All of us who lift weights or bodybuild know things, painful things, about lifting that we normally don’t share with beginners because, frankly, no one ever filled us in on these secrets beforehand and we’re all still pretty chafed about it.

But I’m feeling uncharacteristically nice today, so if any of you out there are thinking about taking up lifting, here are a few of the distressing truths you’ll soon come to realize.

1. You’ll only really look good for a month or two a year… Probably in summer.

No one ever bothers to tell you that the guys pictured on bodybuilding websites don’t normally look all ripped. Most of the time, they look like Fat Thor, or that their high school nickname was Billy Bob and Coach Kilmer wanted them to play in the big game for West Canaan, even though Billy Bob has a concussion.

It’s only when they get ready for a contest or, if they’re amateurs, when they get ready for summer that they start to get the body of pre-Thanos Thor.

That’ll probably be you too, because walking around all year-round with body fat in the single digits is about as easy as running a marathon every day while wearing one of those goofy T-Rex suits and carrying a serving set of tea cups.

But hey, two months of looking good is better than zero months of looking good.

2. You’ll get to know what being old feels like, years before it actually happens.

Let me clarify this a bit. You’ll feel fine, even great, once you’ve been lifting weights for a while… as long as you’re sitting perfectly still.

If you are moving, well hello old guy who does commercials for those walk-in bathtubs! You won’t just “get up” in the morning.
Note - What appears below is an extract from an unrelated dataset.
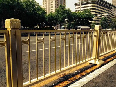 土豪金护栏采用热镀锌静电喷涂护栏,新颖美观,不锈蚀,保证产品,与北京长安街护栏造型类似,十年不生锈十五年免费维护,彩色护栏,样式新颖大方,表面光洁亮丽,灵活简便的组装,广泛用于城市,街道,公园,广场,学校,工厂,河道别墅等,绿化环境。
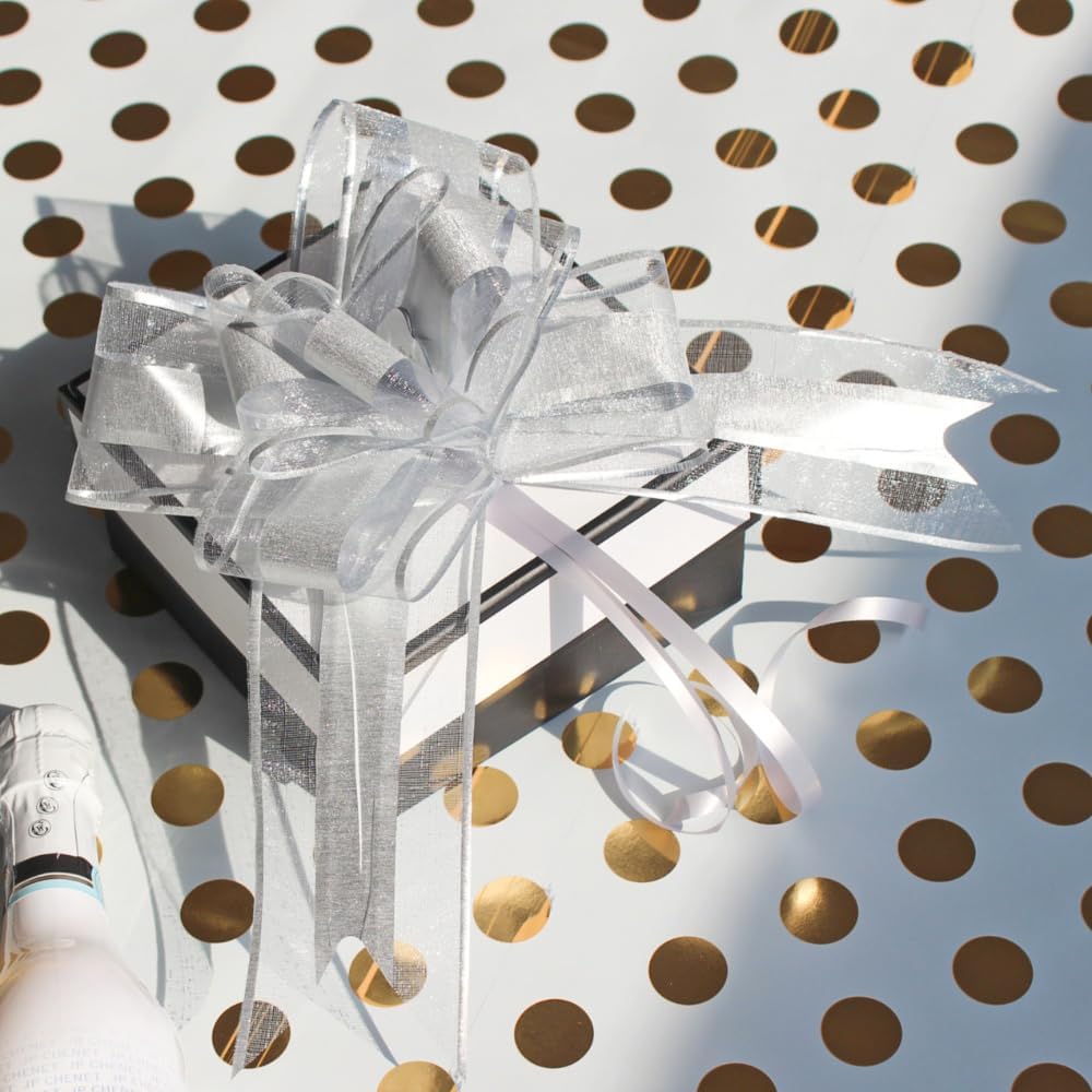 - High Quality: Our bows for gift wrapping are made of organza and high quality pearlized glitter material. It will shining under the light and look elegant and glamorous. These elegant sliver bows are sure to make your gifts stand out at every gift-giving occasion!

You’ll be so achy from lifting that you’ll actually have to unfurl yourself out of bed, once piece at a time like some cheap piece of mass-produced furniture from IKEA.

Some parts will wake up faster than others, but until all your decrepit joints are in sync, you’ll do a kind of an answering-the-phone-with-your-pants-around-your-ankles walk that would cause an Elementary school administrator to pull over and offer you the custodial job recently vacated by the passing of Dale, the funny-in-the-head janitor who died last Tuesday.

But it’s all worth it, of course.

3. People will assume you’re stupid.

Once you start filling out your T-shirt with muscle, people will assume your brain is inversely proportional to your degree of muscle. You’ll be regarded much the same way as Fran, the squeaky voiced, large-breasted but dim-witted hooker in that 80’s movie, The Man With Two Brains:

Dr. Michael Hfuhruhurr (Steve Martin): I can’t.
Fran: Can’t what?
Dr. Michael Hfuhruhurr: I can’t inject you with window cleaner.
Fran: I don’t mind. Hey, what does it do anyway?
Dr. Michael Hfuhruhurr: It causes your brain to die.
Fran: I don’t mind.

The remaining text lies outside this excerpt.